* What is required *
Every line of the data below should be retyped exactly, with no images carried over.

Data section below:

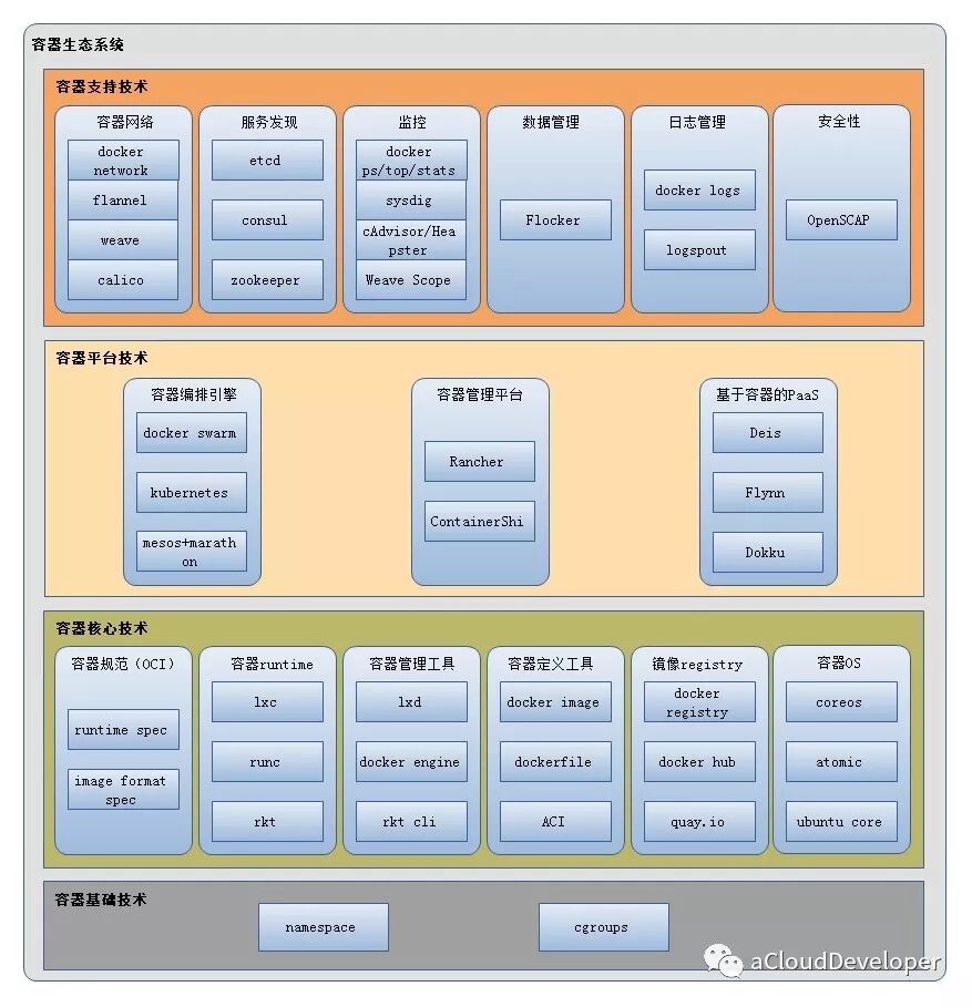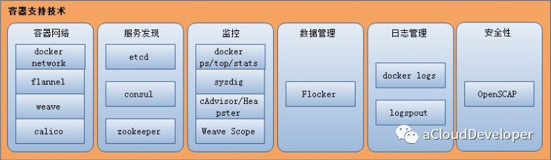 容器的出现又重新让一些古老的技术焕发第二春,如监控、网络、数据管理、日志等技术,由于容器技术的不同,需要制定相应的符合容器规范的技术框架,由此有了容器支持技术,用于支持容器提供更丰富能力的基础设施。
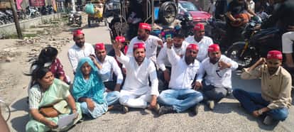 सड़क पर बैठकर प्रदर्शन करते सपाई।
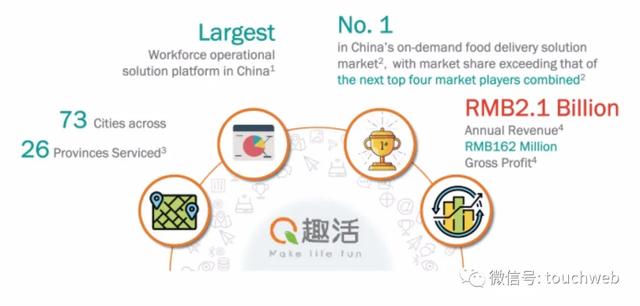 趣活业务主要涵盖:提供外卖按需送餐的解决方案、共享单车维护运营的解决方案、叫车出行的解决方案、管理解决方案和其他服务;其中提供外卖送餐解决方案是营收的绝对部分。食品即时配送是趣活最主要的收入来源。
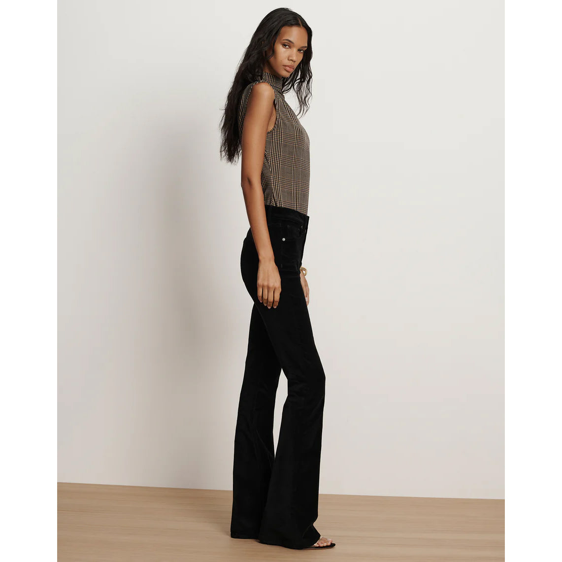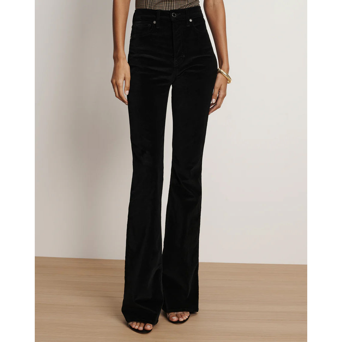 The best-selling Beverly—now in sleek stretch black velvet. It features the same high-rise waist and subtle flare you know and love, fitted through the hips and thighs for a flattering, legs-for-days effect. Tuck in any of our tops and add sky-high heels for an elongating, head-turning look.
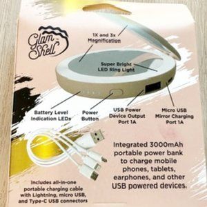 Compact Mirror Power Bank Glam Shell USB Rechargeable
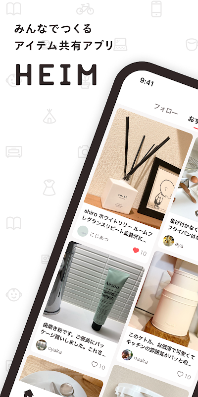 HEIM is a shopping log app. You can create your own monolist or use it as a mono SNS just by posting your favorite items.
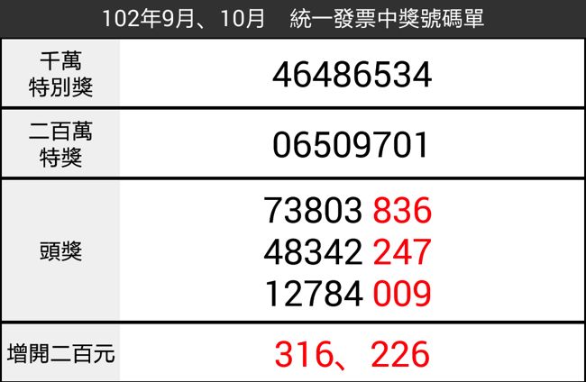 今天(25日) 下午2:00,財政部就為大家公布102年9-10月的統一發票中獎號碼,除了多一組200元的三碼以外,這次也有千萬獎金的中獎號碼-46486534唷!
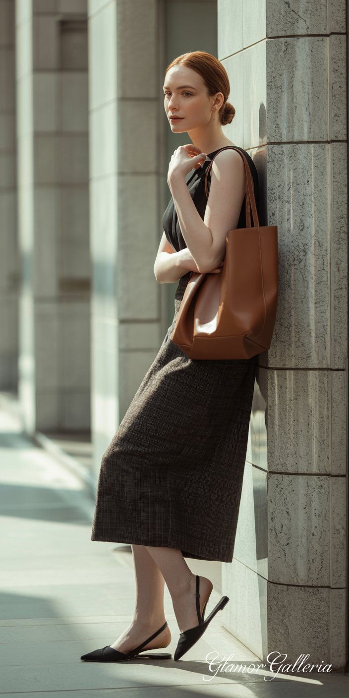 - Adjust hemline if needed—cigaretted trousers or a midi skirt look sharper with heels.

End of Data section.

* Task solution *
 容器的出现又重新让一些古老的技术焕发第二春,如监控、网络、数据管理、日志等技术,由于容器技术的不同,需要制定相应的符合容器规范的技术框架,由此有了容器支持技术,用于支持容器提供更丰富能力的基础设施。
 सड़क पर बैठकर प्रदर्शन करते सपाई।
 趣活业务主要涵盖:提供外卖按需送餐的解决方案、共享单车维护运营的解决方案、叫车出行的解决方案、管理解决方案和其他服务;其中提供外卖送餐解决方案是营收的绝对部分。食品即时配送是趣活最主要的收入来源。
 The best-selling Beverly—now in sleek stretch black velvet. It features the same high-rise waist and subtle flare you know and love, fitted through the hips and thighs for a flattering, legs-for-days effect. Tuck in any of our tops and add sky-high heels for an elongating, head-turning look.
 Compact Mirror Power Bank Glam Shell USB Rechargeable
 HEIM is a shopping log app. You can create your own monolist or use it as a mono SNS just by posting your favorite items.
 今天(25日) 下午2:00,財政部就為大家公布102年9-10月的統一發票中獎號碼,除了多一組200元的三碼以外,這次也有千萬獎金的中獎號碼-46486534唷!
 - Adjust hemline if needed—cigaretted trousers or a midi skirt look sharper with heels.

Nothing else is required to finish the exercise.